One possible solution is to introduce authentication into the SMTP protocol. This wouldn't protect the From: header in mail messages. But it would protect the return path that is used for bounce messages. It can also be used for access control. This is the difference between knowing the message came from your friend Bob, and knowing that some sent the message.

Introducing public-key cryptography into the protocol would not be too hard. SMTP has a mechanism for extensions and adding commands. However, any public-key signature system would depend on distributing the keys and enabling the access control. This requires infrastructure to regulate the sending of email. It requires more centralization in deciding who can send email. It also requires organizations to buy into the system before it helps in limiting the spread of email.

One way to help with the infrastructure problem is to have companies that provide the authentication services. They would run relays that sign messages for its customers. The customers would sign up for accounts, with either monthly or per-email fees to limit the amount of email that could be sent through the system. The relay companies need to be able to authenticate its customers but existing SMTP authentication or SSL cliet certificates are widely supported by email clients.

There would also need to be a mechanism for ISPs to join the system. They would need to get certificates that could be used for signing messages. And even become CAs for creating new certificates for servers and clients.

Authentication would be used to create a group of mail servers that can trust where email is coming from.

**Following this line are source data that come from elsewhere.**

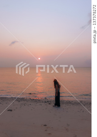 夕焼けの海辺を歩く女性のシルエット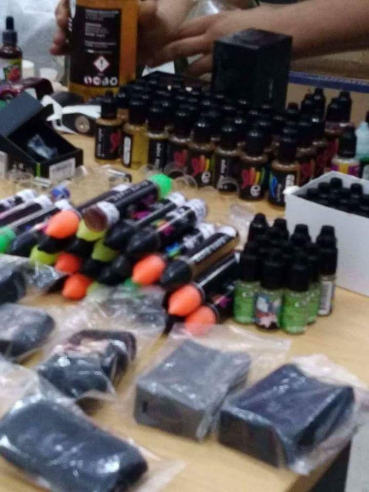 تمكنت الفرقة الجهوية للشرطة البلدية بالقيروان امس الاربعاء من العثور على مصنع عشوائي يقوم بتحضير السائل الخاص بالسجائر الالكترونية فتم التنسيق مع فرقة الشرطة العدلية بالقيراوان و حجز عدد 365 قارورة سوائل مختلفة الأحجام والأنواع ، تستعمل لاستهلاكها في السجائر الالكترونية و تبين انها مهربة ومجهولة المصدر.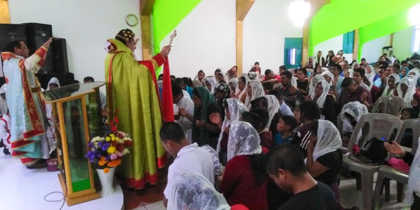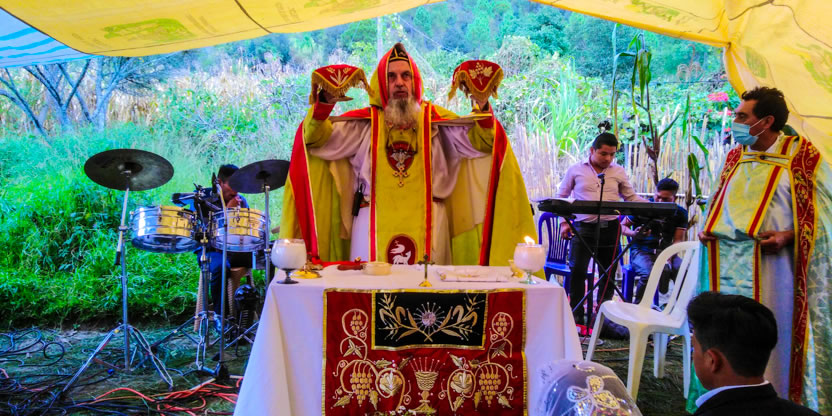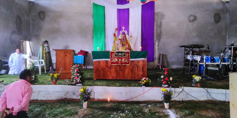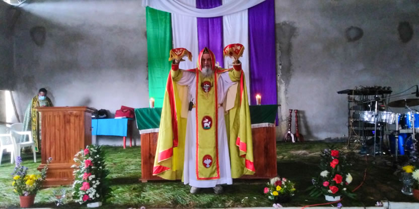 Después de la bendición del templo, el arzobispo presidió la celebración de la divina liturgia para los miembros de la comunidad de Santo Domingo Guaixná.

They can send bounce messages. The postmaster and abuse email works and is answered.

It also helps tie the email system into the legal system. If a spammer breaks into an account and sends a million email that should normally cost $10,000 to send through a commercial relay, that is much more serious offense using some unkown number of open relays. Or forging a cryptographic signature is much more serious than just putting some characters in an email.

Saturday May 10, 2003
09:15 PM

Mistake about SQLite

I made one mistake in my article about SQLite. They recently changed the comparison operators to work based on type instead of by value. I found this out from a Linux Journal article on SQLite. I am glad that the argument for typing prevailed. If they put in some validation of types when inserting and updating, then that would be enough to preserve data integrity.
Monday May 05, 2003
10:38 PM

SQLite and typelessness

I have been looking at the SQLite database and the DBD::SQLite module for accessing. SQLite is a database with some nice features: embeddable library, small and fast, single file, transactions, and pretty complete SQL92 support. This makes it real useful for places where a full database like PostgreSQL is overkill but you want DBI and SQL and the fun of relations.

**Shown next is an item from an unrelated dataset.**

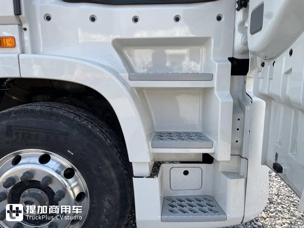 虽然天龙GX是一辆平地板车型,但是上车却毫不费劲,间距合理的三阶踏板宽度适中,上面带有镂空孔也可以避免鞋上的泥土带进驾驶室,而且踏板使用的是铝合金材质,耐久性会好一些。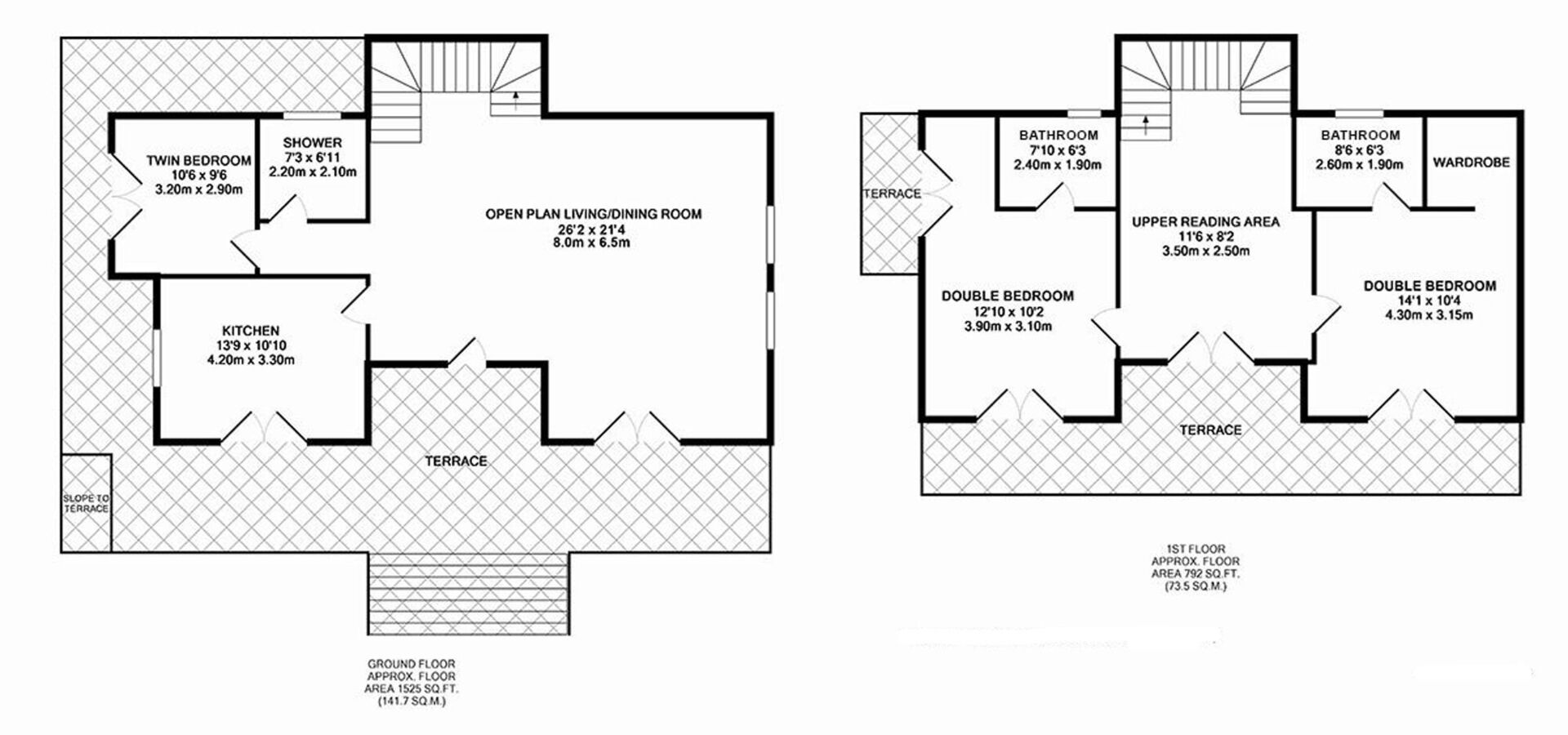 Eerste verdieping: slaapkamer met tweepersoonsbed en eigen badkamer met ligbad; tweepersoonsslaapkamer met bubbelbad.

It has one big problem: it is typeless. You would think that after programming in Perl for a long time, I would like typelessness. In a dynamic language, it works pretty well. In a database, it is pure evil. The reasons have nothing to do with performance or encoding. Or the historical usage of limited sizes and types in databases. The problem is with the logical definition of types, domains and operators.

Types have a domain, the set of allowed values. Boolean has a simple domain of two values, true or false. There ares the sets of positive integers, rational numbers, and irrational numbers. All the strings shorter than 2 GB. The domain is completely separate from the encoding. The integer 3 can be represented in many different ways, binary, octal, decimal, but all logically the same.

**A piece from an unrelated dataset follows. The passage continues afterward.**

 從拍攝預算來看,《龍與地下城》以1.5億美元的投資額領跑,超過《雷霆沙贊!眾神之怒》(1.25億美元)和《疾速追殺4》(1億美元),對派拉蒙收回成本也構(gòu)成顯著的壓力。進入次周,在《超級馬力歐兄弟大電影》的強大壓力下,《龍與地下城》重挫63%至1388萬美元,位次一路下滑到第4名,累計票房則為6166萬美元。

Tying is important for databases because it restricts the values that can be entered in a column. If I define a column to hold a price, I make it numeric. It shouldn't be able to hold any other values. I don't want anyone to insert their dog's name or their manifesto for world peace into that column. I expect it to always be a number that can be added or subtracted. I think strong typing is more important for databases because they are about rigidly specifying the permanent storage of data. Perl variables are fleeting, databases are permanent and logical.

Types also defined a set of operators that can operate on values of the type. In Perl, the numeric and string operators are distinct, > and gt, == and eq. This is because the operations are different. Comparing integers is different from comparing the same integers as strings: 10000 > 1001 but "10000" lt "1001". Adding two numbers is different than concatenating two strings even though some languages use the same operator.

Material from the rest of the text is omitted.